*** Opening RECORDS FOR PROCESSING ***
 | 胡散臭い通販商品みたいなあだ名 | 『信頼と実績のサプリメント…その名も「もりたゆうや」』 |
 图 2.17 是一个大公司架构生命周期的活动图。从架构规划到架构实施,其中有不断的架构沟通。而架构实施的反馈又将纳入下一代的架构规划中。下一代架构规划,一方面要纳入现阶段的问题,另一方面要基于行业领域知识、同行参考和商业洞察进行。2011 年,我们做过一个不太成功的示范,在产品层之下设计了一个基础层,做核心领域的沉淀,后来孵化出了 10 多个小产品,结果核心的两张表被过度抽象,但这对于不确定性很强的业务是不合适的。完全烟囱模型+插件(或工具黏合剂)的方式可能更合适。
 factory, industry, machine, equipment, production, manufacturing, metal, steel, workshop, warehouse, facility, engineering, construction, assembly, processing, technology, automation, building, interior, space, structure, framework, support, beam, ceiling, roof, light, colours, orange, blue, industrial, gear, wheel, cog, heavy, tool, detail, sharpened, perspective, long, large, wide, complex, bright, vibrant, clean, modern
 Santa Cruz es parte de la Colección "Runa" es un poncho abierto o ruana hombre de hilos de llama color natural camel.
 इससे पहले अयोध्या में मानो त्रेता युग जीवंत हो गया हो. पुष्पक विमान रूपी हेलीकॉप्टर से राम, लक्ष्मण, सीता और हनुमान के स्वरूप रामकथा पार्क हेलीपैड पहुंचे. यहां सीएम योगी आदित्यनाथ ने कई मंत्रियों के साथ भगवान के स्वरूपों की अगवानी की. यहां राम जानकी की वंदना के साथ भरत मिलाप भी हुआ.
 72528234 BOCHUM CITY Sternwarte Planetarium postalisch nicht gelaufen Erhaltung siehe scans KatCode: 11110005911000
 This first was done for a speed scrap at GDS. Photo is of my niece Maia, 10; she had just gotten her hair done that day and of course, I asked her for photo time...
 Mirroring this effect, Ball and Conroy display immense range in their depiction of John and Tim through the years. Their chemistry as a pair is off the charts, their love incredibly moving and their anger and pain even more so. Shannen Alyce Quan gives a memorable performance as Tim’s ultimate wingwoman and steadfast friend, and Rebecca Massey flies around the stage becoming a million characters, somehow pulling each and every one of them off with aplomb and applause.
*** Closing RECORDS FOR PROCESSING ***
● **TASK TO CARRY OUT**:
From the line holding "vibrant, clean, modern" to the final line of the data, output each line exactly and nothing more.

● **THE ANSWER**:
 factory, industry, machine, equipment, production, manufacturing, metal, steel, workshop, warehouse, facility, engineering, construction, assembly, processing, technology, automation, building, interior, space, structure, framework, support, beam, ceiling, roof, light, colours, orange, blue, industrial, gear, wheel, cog, heavy, tool, detail, sharpened, perspective, long, large, wide, complex, bright, vibrant, clean, modern
 Santa Cruz es parte de la Colección "Runa" es un poncho abierto o ruana hombre de hilos de llama color natural camel.
 इससे पहले अयोध्या में मानो त्रेता युग जीवंत हो गया हो. पुष्पक विमान रूपी हेलीकॉप्टर से राम, लक्ष्मण, सीता और हनुमान के स्वरूप रामकथा पार्क हेलीपैड पहुंचे. यहां सीएम योगी आदित्यनाथ ने कई मंत्रियों के साथ भगवान के स्वरूपों की अगवानी की. यहां राम जानकी की वंदना के साथ भरत मिलाप भी हुआ.
 72528234 BOCHUM CITY Sternwarte Planetarium postalisch nicht gelaufen Erhaltung siehe scans KatCode: 11110005911000
 This first was done for a speed scrap at GDS. Photo is of my niece Maia, 10; she had just gotten her hair done that day and of course, I asked her for photo time...
 Mirroring this effect, Ball and Conroy display immense range in their depiction of John and Tim through the years. Their chemistry as a pair is off the charts, their love incredibly moving and their anger and pain even more so. Shannen Alyce Quan gives a memorable performance as Tim’s ultimate wingwoman and steadfast friend, and Rebecca Massey flies around the stage becoming a million characters, somehow pulling each and every one of them off with aplomb and applause.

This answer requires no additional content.